Подобно тому, как их страшный яд изменяет сердце и повергает человека в состояние между жизнью и смертью, так струя веры должна была преобразить нашу кровь – стать чудотворной силой в промежутках между грызущей смертною тоской и экстатическим восторгом.

Но я проник лотом моего познания еще далее, еще глубже в эти удивительные притчи, я сделал еще один шаг и стал лицом к лицу с вопросом:

Что станется с моей кровью, когда она, наконец, будет напоена ядом голубых цветов? И тогда ожили окружавшие меня вещи, даже придорожные камни кричали мне тысячами голосов: снова и снова, с приходом весны, ты будешь поливать ее, дабы возрастало вновь ядовитое растение, окрещенное твоим собственным именем.

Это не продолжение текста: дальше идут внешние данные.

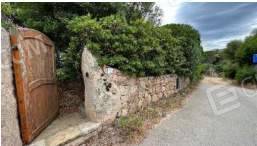
Figura 5 – Viste della recinzione esterna degli ingressi pedonali del bene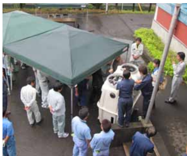
平成26年度第1回浄化槽維持管理技術研修会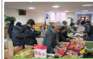
ショッピングつむら新鮮野菜とつけき隊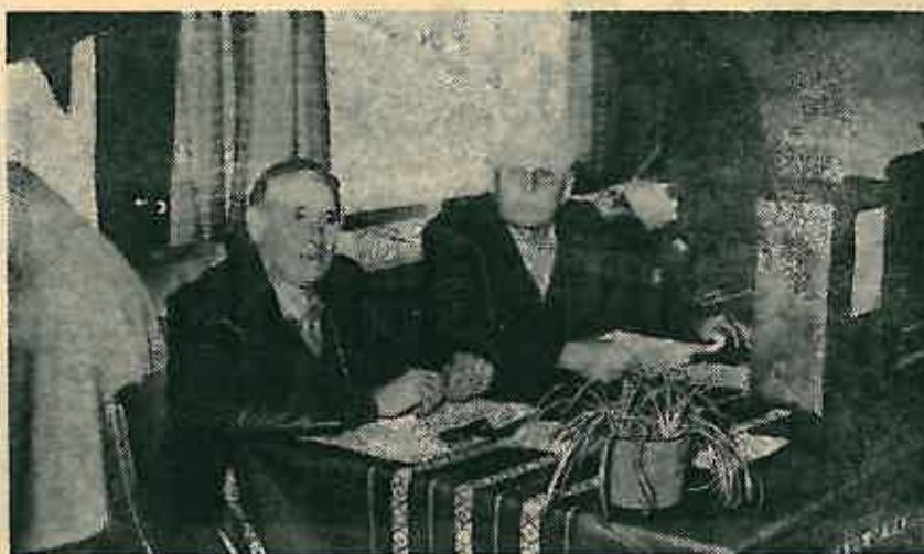
Birački odbor delegacije poljoprivrednika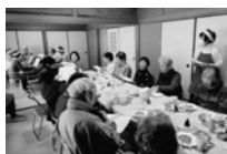
サロンではサンタさんがお出迎え

樋ノ口地区 樋ノ口地区社協では、配分金活用事業として、サロン（9カ所）を無料開放しました。昨年12月に6カ所、今年1月に3カ所、約3000人（ボランティア含む）が参加しました。各サロンの創意工夫が見られ、大いに盛り上がりました。サロンではサンタさんがお出迎え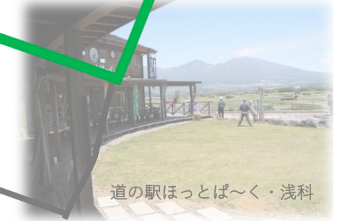
道の駅ほっとば〜く・浅科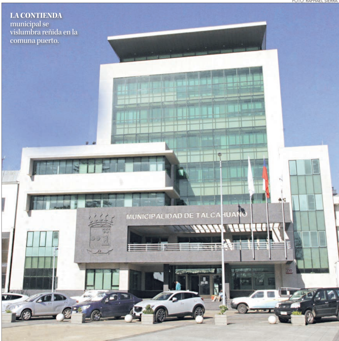
LA CONTIENDA municipal se vislumbra reñida en la comuna puerto.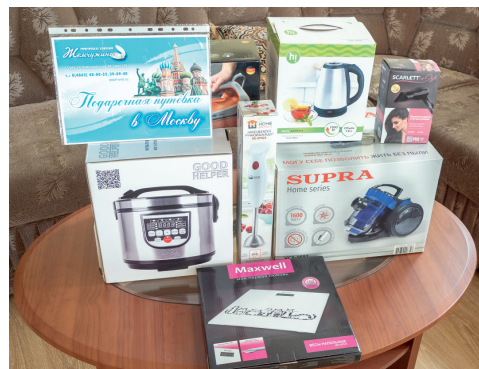
Утюг хорошо, а два — лучше!

20 июля в жилом многоквартирном доме на улице Заводской в Мценске загорелась крыша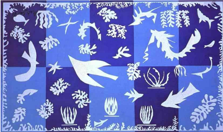
Henri Matisse – Polynésie

Voici mon commandement : Aimez-vous les uns les autres, comme je vous ai aimés.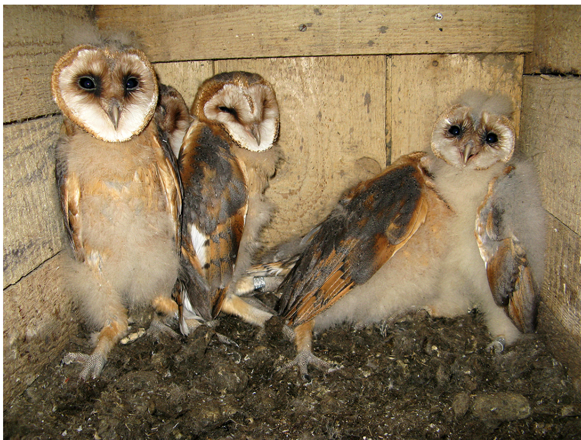
Mláďata sovy pálené ( Tyto alba ), Mory, okres Louny, 2010.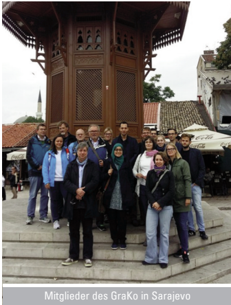
Mitglieder des GraKo in Sarajevo

Graduiertenkollegs 1728: Theologie als Wissenschaft für weitere 4 ½ Jahre verlängert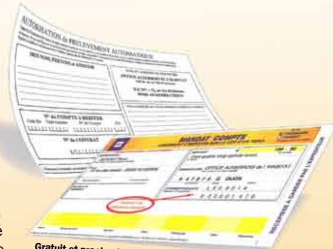
Gratuit et proche de chez vous : le mandat compte

Puis, le mandat compte , entièrement gratuit également, permet un règlement auprès de la poste de quartier ou de n'importe quelle agence postale de France. Ce dernier moyen vous permet de payer votre loyer à proximité de chez vous et évite le transport d'espèces. « Le mandat compte a été bien accueilli par les locataires quand nous l'avons mis en place en novembre 2007. Il est vrai que certains d'entre eux connaissaient déjà ce type de paiement pour régler l'EDF par exemple » indique Bertrand Desbonnet. Votre chargé de clientèle au sein de l'agence de votre secteur est à votre écoute si vous souhaitez choisir un de ces moyens de règlement.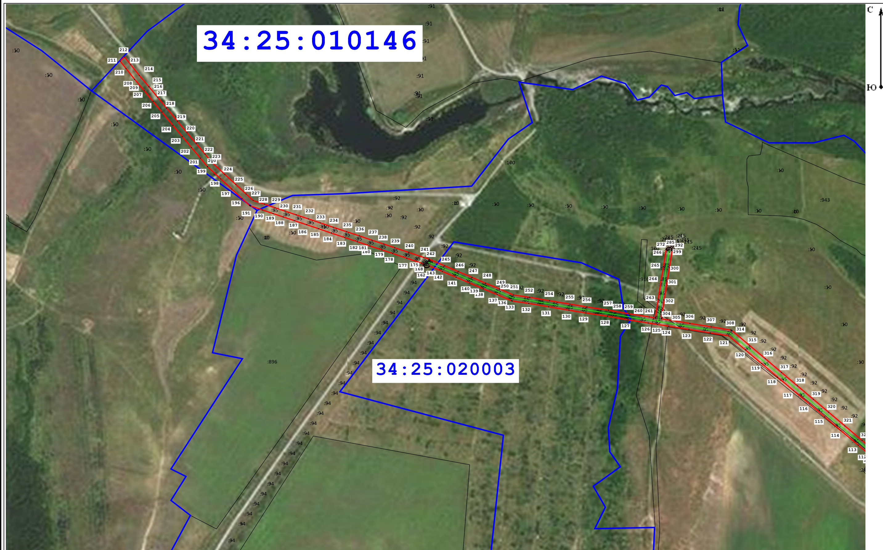
Схема расположения границ публичного сервитута для размещения объекта: ВЛ-8-10 кВ ПС Рудня (наименование)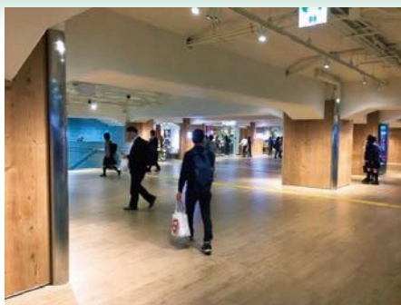
枚方市駅の改札リニューアル 良品計画(株)によるデザイン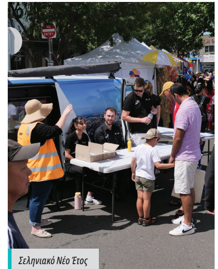
Σεληνιακό Νέο Έτος

Καθώς το έργο πλησιάζει στην ολοκλήρωσή του, θα συνεχίσουμε να βρισκόμαστε κοντά στην κοινότητα, οπότε έχετε το νου σας για την επόμενη στάση μας, στην επόμενη αυθόρμητη εκδήλωση ή σε κάποια κοινωνική δραστηριότητα.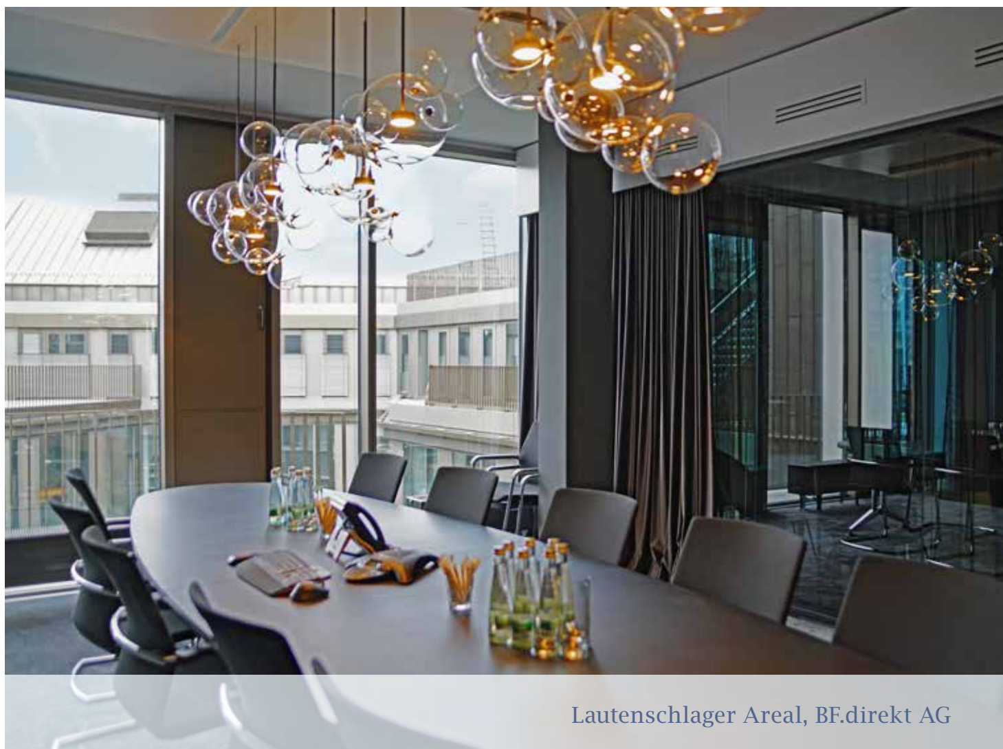
Lautenschlager Areal, BF.direkt AG

Geringfügige Abweichungen sind auf Rundungsdifferenzen zurückzuführen.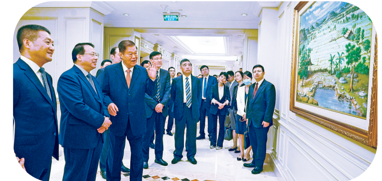
参观金光集团创办人黄奕聪办公室外的油画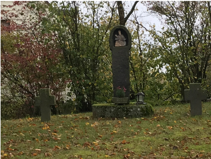
Schöpflöffel in Kehrig (2023)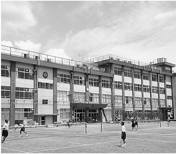
暑さに負けず部活動に励む生徒達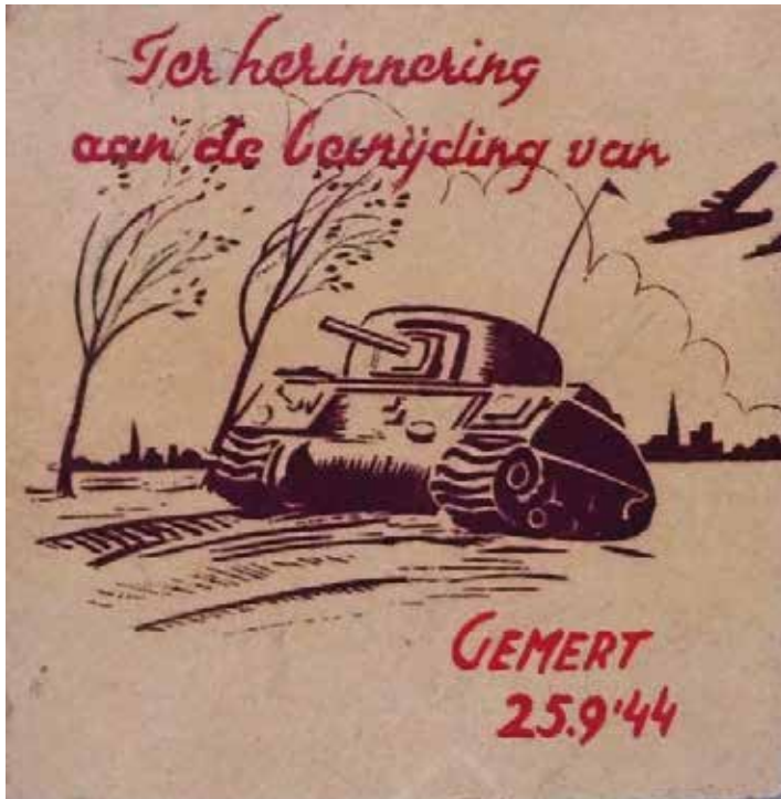
Tegeltje bevrijding Gemert

В тот час я сорвал маску с питаемого мною вампира, и мною овладела непримиримая ненависть. Я вышел в сад и втоптал в землю растение, укравшее у меня имя, питавшееся моею кровью, так, что не было видно ни одного листка.

С тех пор мой путь был словно усеян чудесными происшествиями.

Еще в ту же самую ночь передо мною явилось видение: кардинал Напеллус, державший в руке, словно зажженную свечу, голубой лютик с пятилепестковыми цветами. Он походил лицом на труп лишь в глазах сверкала неразрушимая жизнь.